The new journal was thematically oriented on its predecessor: proceeding on the premise of a politics based on historical observation it dealt with cultural, historical and political questions; it also had a section for reviews. Political, however, Buchner approached the spirit of the age with a new alignment. He led Catholicism towards the strengthened right wing nationalism and stood for a monarchism which was oriented on the protestant Prussian Hohenzoller Empire. The Gelbe Hefte should form an interconfessional «unified front» to defend the «German soul» against enlightenment and liberalism.
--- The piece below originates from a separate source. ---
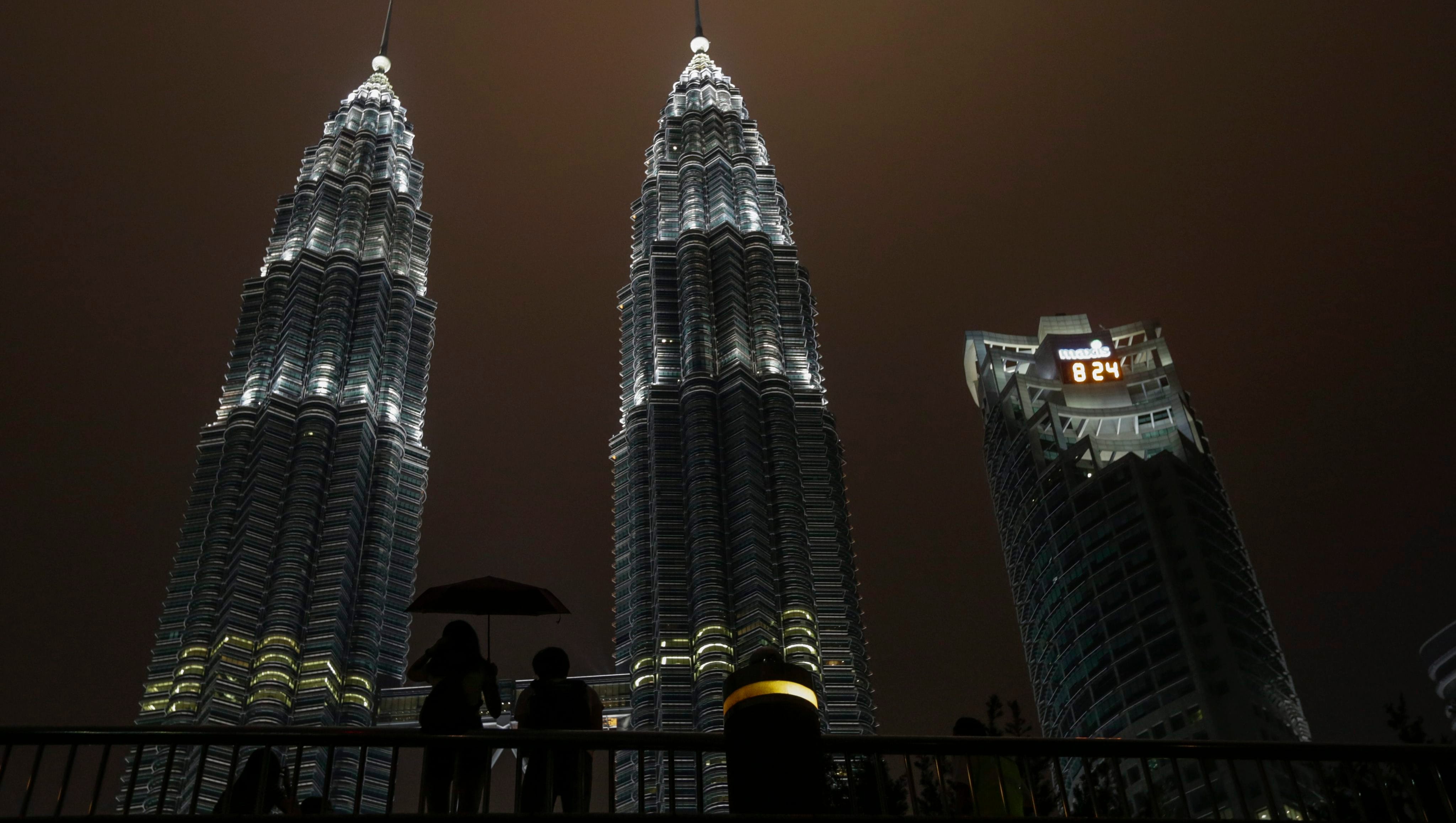 A view of malaysia's landmark petronas twin towers during lights out for earth hour in kuala lumpur, malaysia, saturday, march 25, 2017.

The Gelbe Hefte distanced itself so far from the Centre Party, which represented classical catholic conservatism, that it even regarded the approach to National Socialism as the lesser evil. The total spectrum of catholic opinion towards the NS movement, from rejection to acceptance, was presented in a special issue in 1931. Later Buchner let Hitlers claim to power pass as a form of Gods mercy, and the Gelbe Hefte, despite isolated criticisms of the regime, also advocated a racial ideological standpoint.
At no time did the Gelbe Hefte reach the circulation, radius of influence and importance of its predecessor. Up till 1926 it appeared monthly, about 100 pages long and in an edition of about 1500, after this rather spasmodically and in decreasing size. The journal died with its creator in 1941. Nevertheless it is a significant document in the history of ideology. New streams in Catholicism during the Weimar Republic and The National Socialist period are indicated by its deviations from the positions of its predecessor. Beyond this it reflects the changes in the right wing nationalist camp with whom the publisher sympathised. His conservative nationalism based on the Empire was increasingly overshadowed by the German folkish tendencies of younger publicists. After 1933 the Gelbe Hefte show a precarious conciliation of some catholic intellectuals towards the NS regime.